Tribal Art Forms, a collaboration between two contemporary galleries Blueprint12 and Exhibit320, which promotes folk and tribal art forms is bringing North East art at the India Art Fair. The exhibition will showcase sculptures by Lanu Pongen from Nagaland and Siva Prasad Marar from Assam; photography on Konyak tribe by Anu Malhotra and textile arts of the region by Ajungla Imchen in her Embroidered Dialogue series.
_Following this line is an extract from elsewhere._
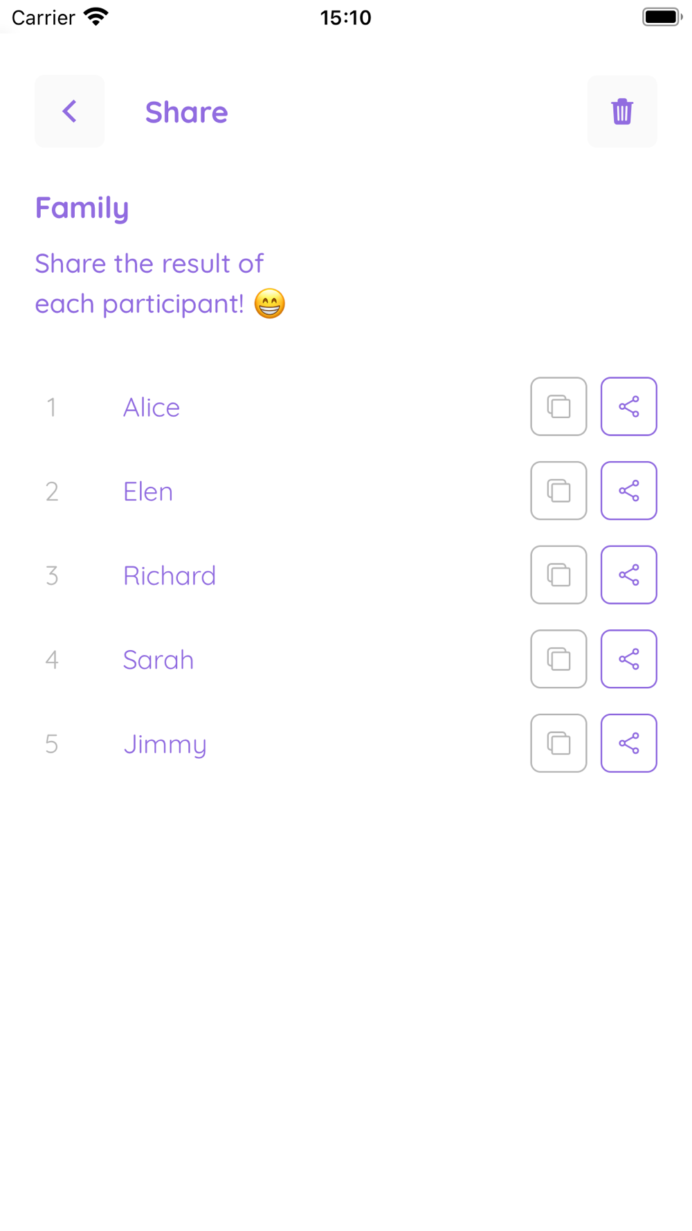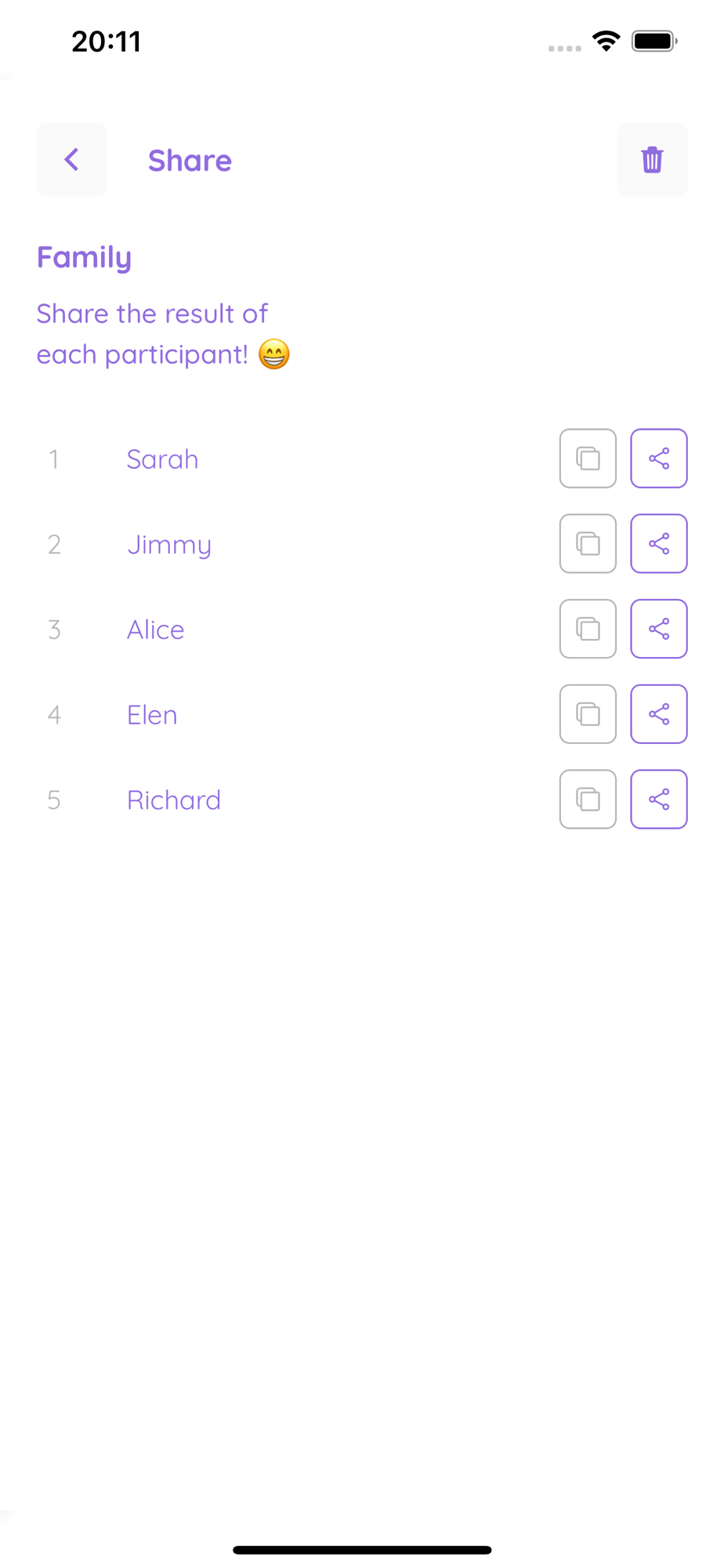 - Click the share button to send the code to the participant to find out who the secret santa is.

“The eyes, the I’s – they pull me in. Mesmerizing, alluring with so many hidden stories, speaking of world’s unknown, tales untold. Is that a hornbill feather, I spy? Are those the horns of the mithun, the revered beast ? That gnarled piece of wood, what magic has the sculptor created, carving it as though it was butter, creating such compelling imagery? What be those – dancers or ancestors long passed on, the sinuous snake or the hanging vines in the forests so sacred? What be those eyes, man, woman or child, drawing me in as if I am caught in a spell?” – Minhazz Majumdar
Northeast of India, lie 8 magical states that are little known – Assam, Meghalaya, Manipur, Mizoram, Tripura, Arunachal Pradesh, Nagaland and Sikkim. These states boast of a magnificent artistic heritage – some of the most magnificent wooden sculptures and textiles in the world are created here. Art is part of daily life and ceremonial occasions even today. However, the remoteness of the region, the rugged terrain as well as years of political struggle and instability have meant that few people have ever gone there to see the art and very little of the art has come out of the region. It is a region of mystery and mystique, of fable and fantasia , with so many stories waiting to be told.
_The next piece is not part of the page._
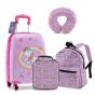 EMBERUNE 5 Piece Kids Luggage Set Carry-on Children Rolling Suitcase Set with Backpack-Purple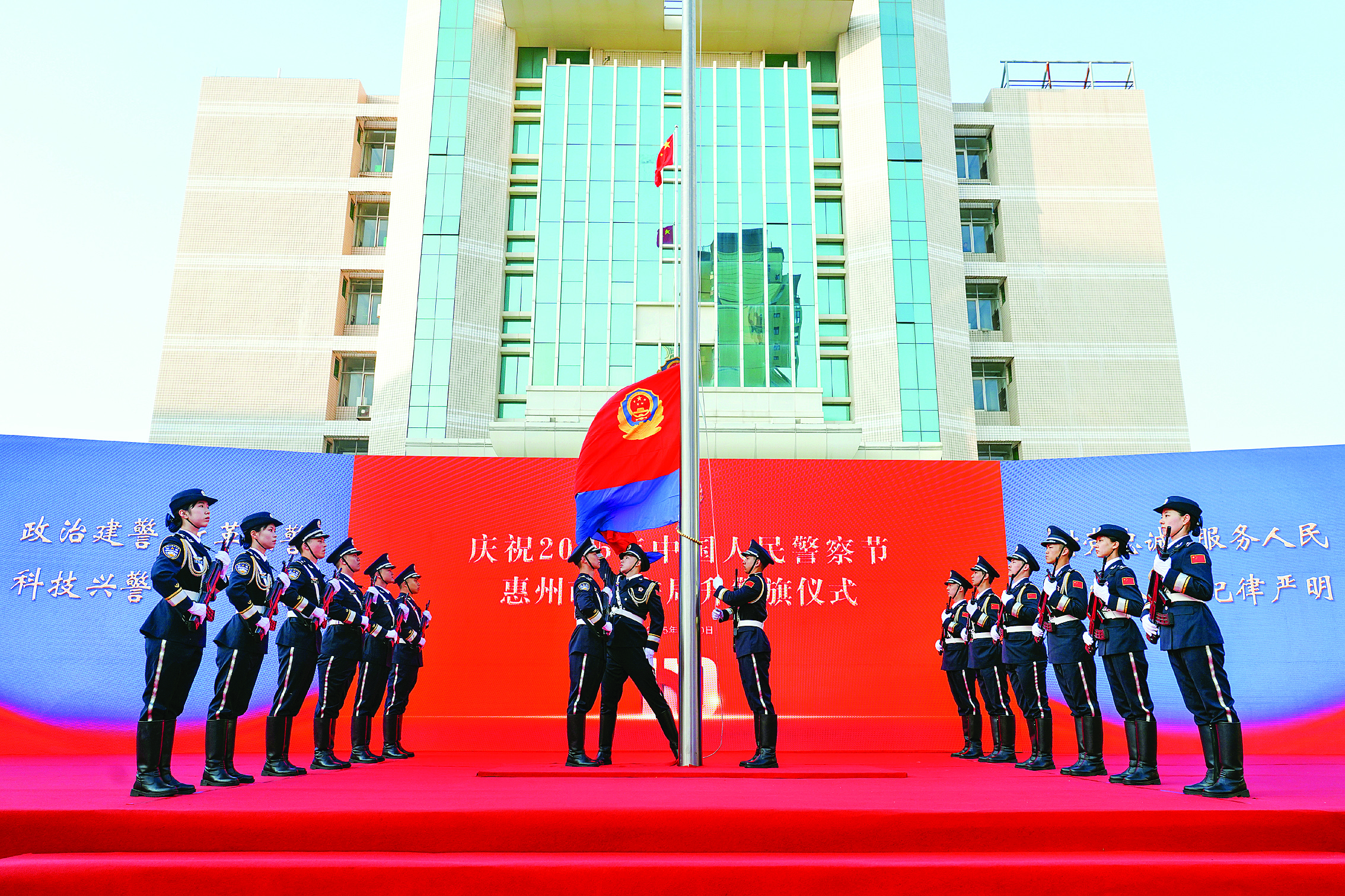 惠州市公安局在警訓(xùn)處舉行慶祝2025年中國人民警察節(jié)升警旗儀式。

Tribal Art Forms with its deep commitment to showcasing the best of Indian folk and tribal art is taking a bold step in presenting a show totally dedicated to the amazing art forms of Northeast India at the India Art Fair, 2019.
This show is significant because it will be the first of its kind show where the focus is not on the ethnographic aspect of Northeast India but on the arts of the region, in particular, the strong sculptural element. The plethora of sculptural traditions comes as no surprise given that the Northeast of India is blessed with verdant forests and wood is the material most easily available to express the artists’ creativity. The two artists whose sculptures are being shown are Lanu Pongen from Nagaland and Siva Prasad Marar from Assam.
Also on display are the textile arts of the region, both traditional mores as well as contemporary interpretations by Ajungla Imchen in her Embroidered Dialogue series. These textiles are a beautiful blend of Naga imagery in Kantha embroidery from West Bengal. Adding to the visual element are some remarkable portraits of the Konyak tribes people by Anu Malhotra, the renowned film maker and artist. Tribal Art Forms and curator Minhazz Majumdar have made a conscious attempt to evoke an essence of the Northeast in this show and hope to share a vision of the Eastern Eye/I with visitors. To tell so many stories from the east, waiting to be told …………till now.